● **Data shown**
Segment Open

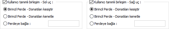 Sol perdeye ankraj yap/Sağ perdeye ankraj yap ![]() Üç ve daha fazla perdenin birleştiği durumda perdelerin hangi perdeye ankraj olacağı kullanıcı tanımlı olarak belirlenebilir. P08 Perdesinin "Sol perdeye ankraj yap" parametresi kullanıcı tanımlı olarak değiştirilerek aşağıdaki şekillerde çizim alınabilir. ![]() ![]() ![]() ![]() |
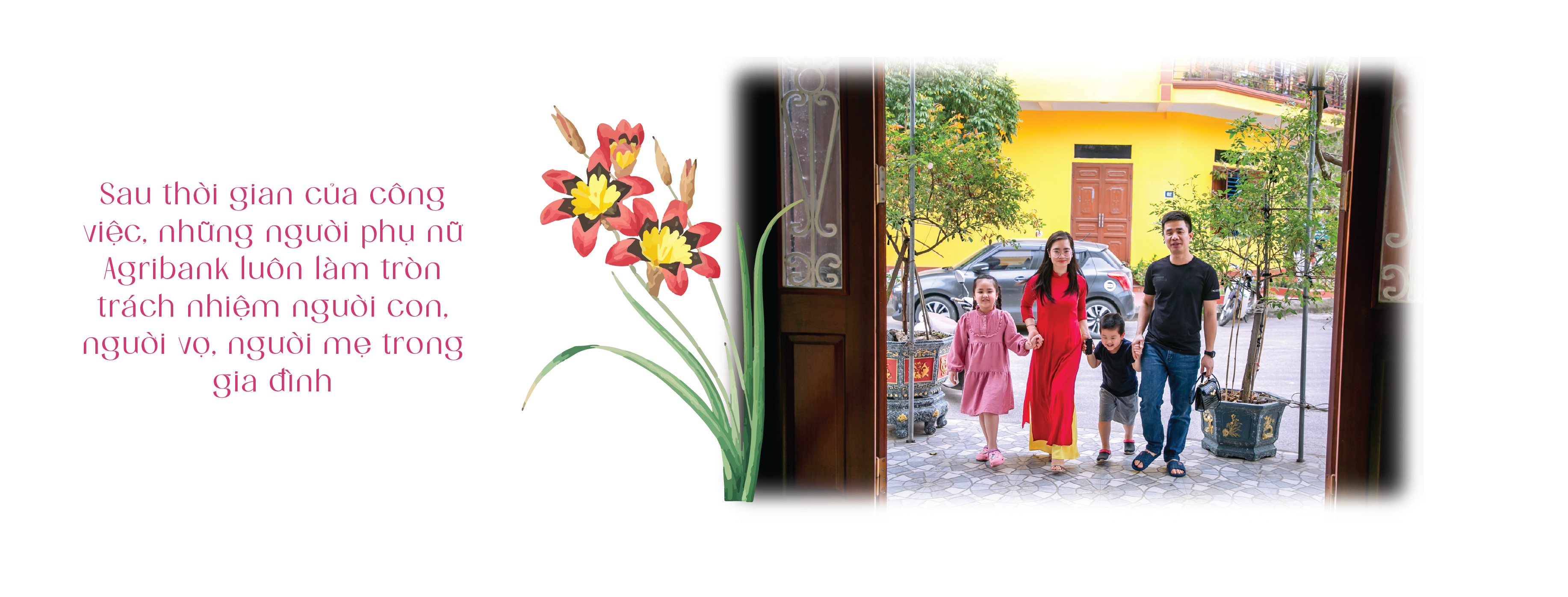 Đi đôi với việc phấn đấu hoàn thành tốt nhiệm vụ cơ quan, đơn vị giao phó, nữ cán bộ Agribank luôn làm tròn nghĩa vụ, trách nhiệm, bổn phận của người con, người vợ, người mẹ trong mỗi gia đình. Do đặc thù và tính chất công việc Ngân hàng, nhiều chị em phụ nữ thường xuyên phải đi làm sớm và về muộn, phải đi công tác xa, dài ngày, nhưng các chị em vẫn hoàn thành tốt nhiệm vụ, thu xếp công việc nhà khoa học, hợp lý; chăm lo xây dựng giữ gìn và bảo vệ gia đình, nuôi con khỏe dạy con ngoan, xây dựng gia đình “No ấm, bình đẳng, tiến bộ, hạnh phúc”. Với công lao chăm sóc, lo toàn gia đình của những người cha, người mẹ, năm học 2022-2023, hệ thống Agribank có 457 cháu con em cán bộ đạt giải cấp tỉnh, thành, quốc gia, quốc tế, được Công đoàn Agribank biểu dương, khen thưởng.
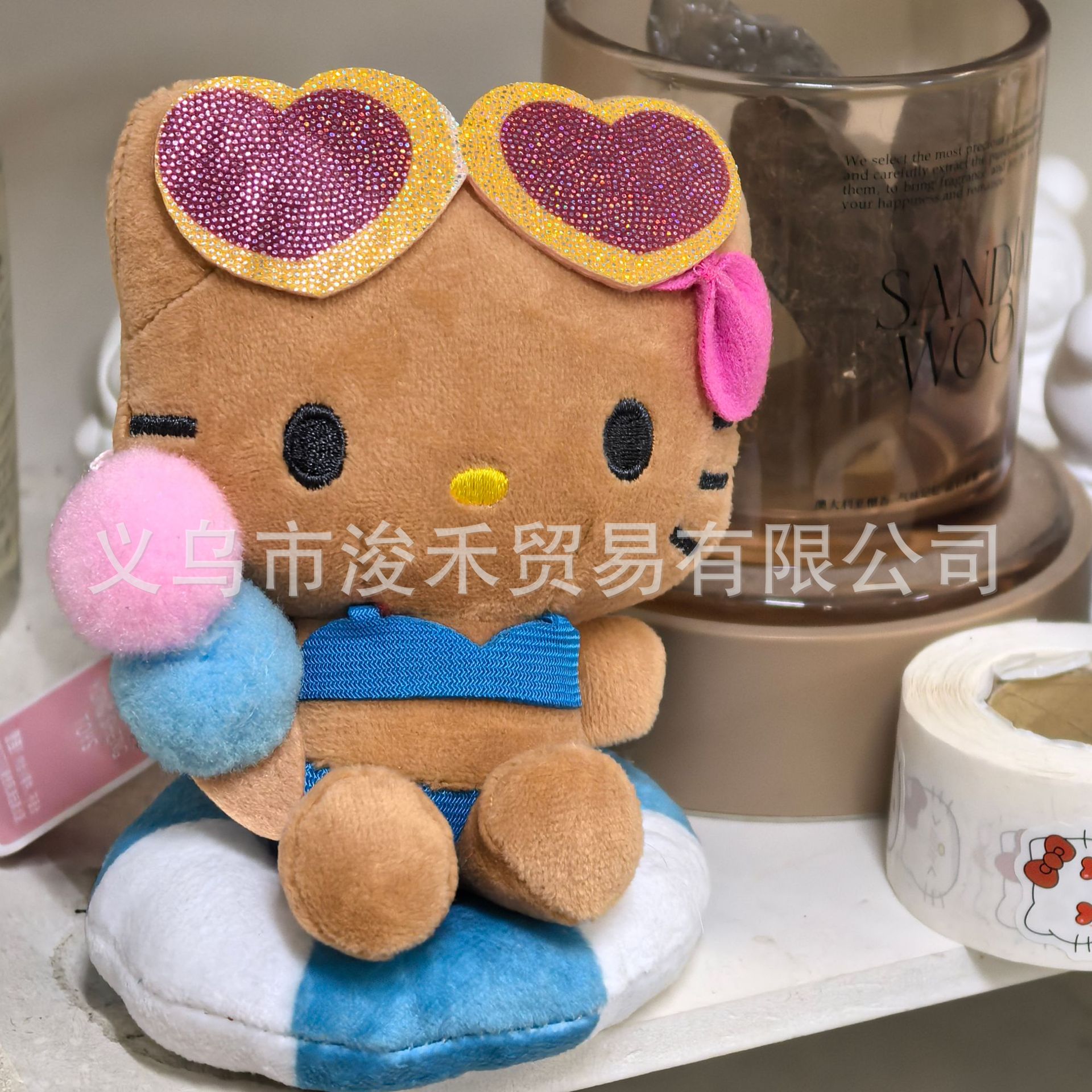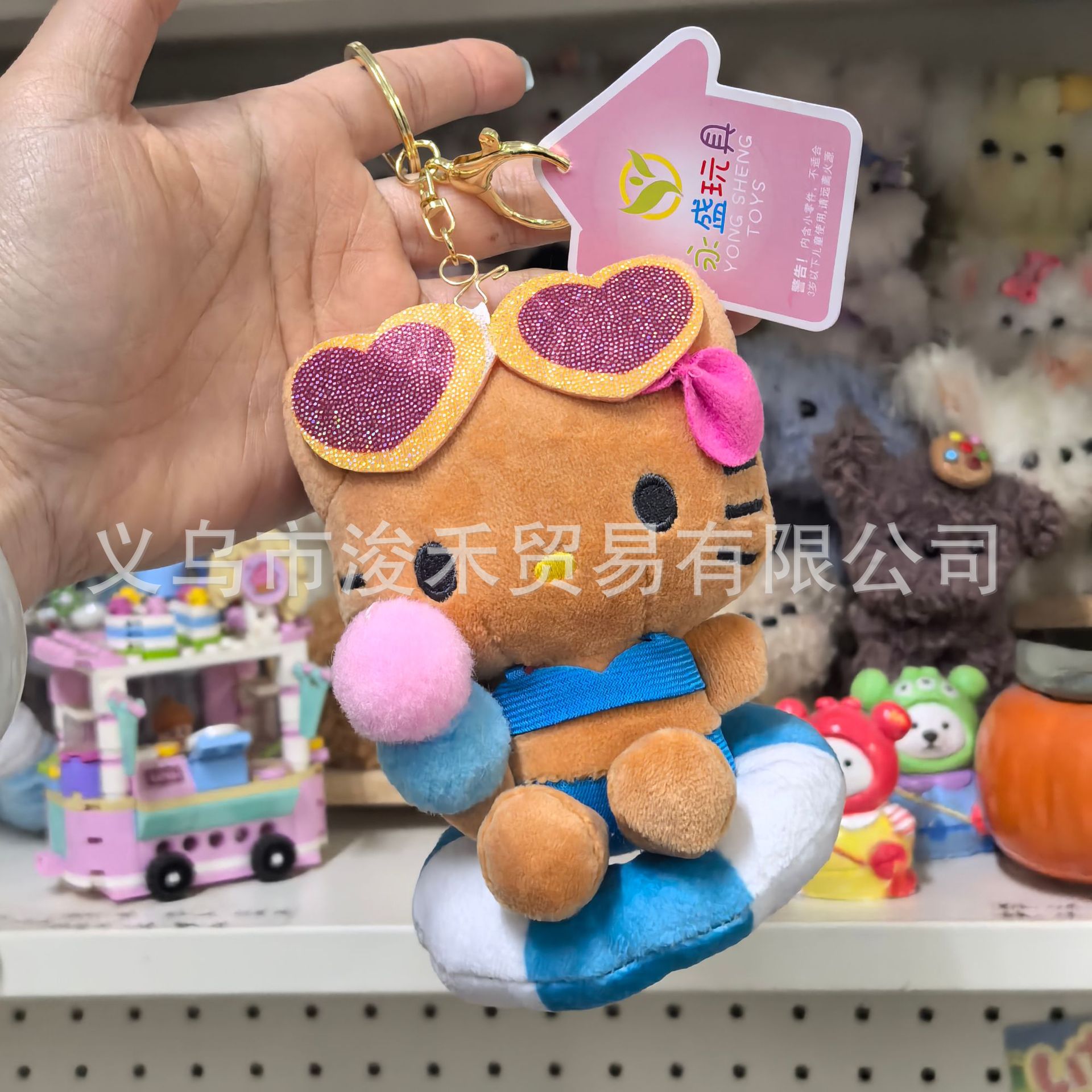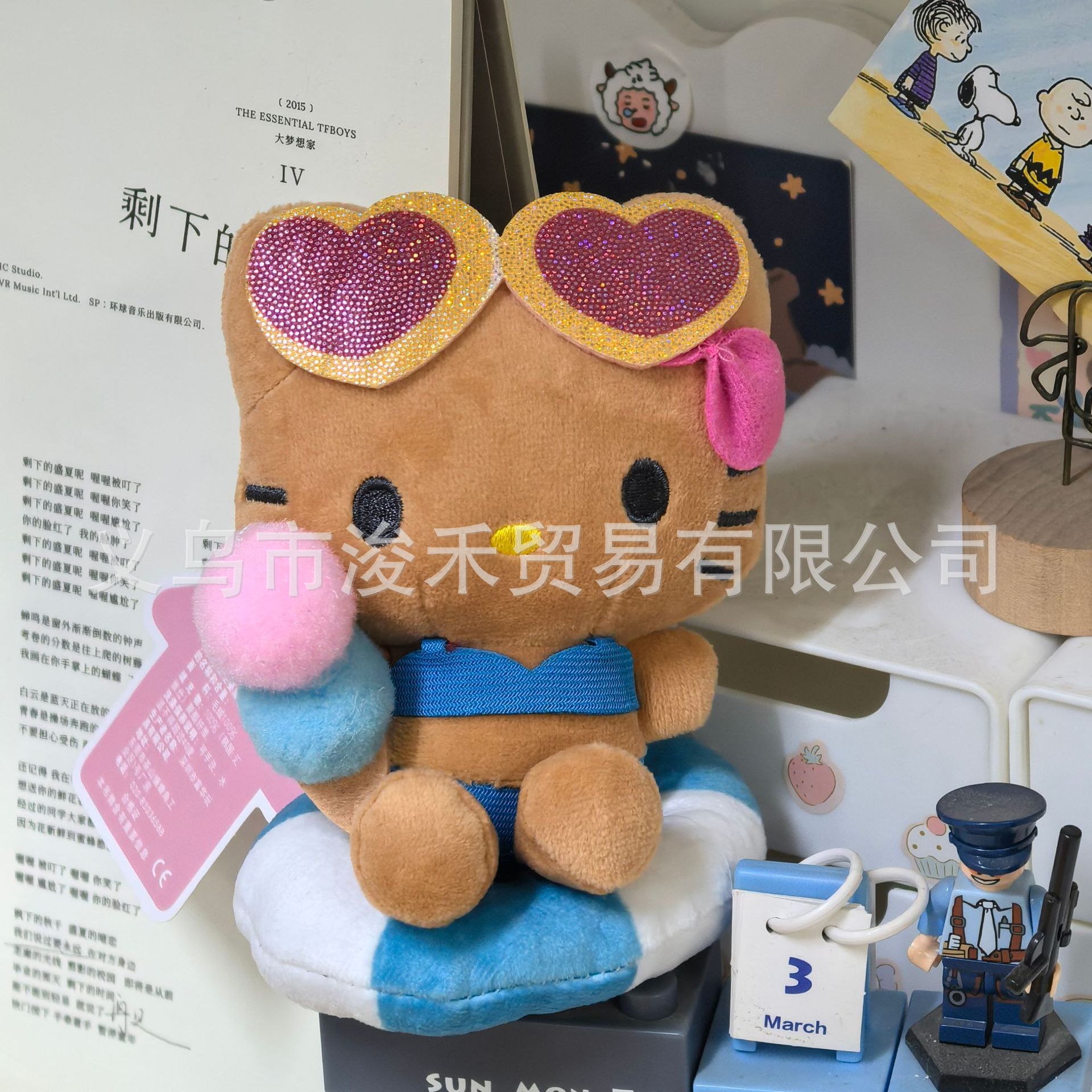 游泳圈夏威夷kitty黑皮包毛绒挂件公仔玩偶钥匙扣可爱挂饰

Segment Closed

● **Work item**
The data above must be written out again without alteration, and the pictures in them must be excluded.

● **Solution to this exercise**
 Sol perdeye ankraj yap/Sağ perdeye ankraj yap ![]() Üç ve daha fazla perdenin birleştiği durumda perdelerin hangi perdeye ankraj olacağı kullanıcı tanımlı olarak belirlenebilir. P08 Perdesinin "Sol perdeye ankraj yap" parametresi kullanıcı tanımlı olarak değiştirilerek aşağıdaki şekillerde çizim alınabilir. ![]() ![]() ![]() ![]() |
 Đi đôi với việc phấn đấu hoàn thành tốt nhiệm vụ cơ quan, đơn vị giao phó, nữ cán bộ Agribank luôn làm tròn nghĩa vụ, trách nhiệm, bổn phận của người con, người vợ, người mẹ trong mỗi gia đình. Do đặc thù và tính chất công việc Ngân hàng, nhiều chị em phụ nữ thường xuyên phải đi làm sớm và về muộn, phải đi công tác xa, dài ngày, nhưng các chị em vẫn hoàn thành tốt nhiệm vụ, thu xếp công việc nhà khoa học, hợp lý; chăm lo xây dựng giữ gìn và bảo vệ gia đình, nuôi con khỏe dạy con ngoan, xây dựng gia đình “No ấm, bình đẳng, tiến bộ, hạnh phúc”. Với công lao chăm sóc, lo toàn gia đình của những người cha, người mẹ, năm học 2022-2023, hệ thống Agribank có 457 cháu con em cán bộ đạt giải cấp tỉnh, thành, quốc gia, quốc tế, được Công đoàn Agribank biểu dương, khen thưởng.
 游泳圈夏威夷kitty黑皮包毛绒挂件公仔玩偶钥匙扣可爱挂饰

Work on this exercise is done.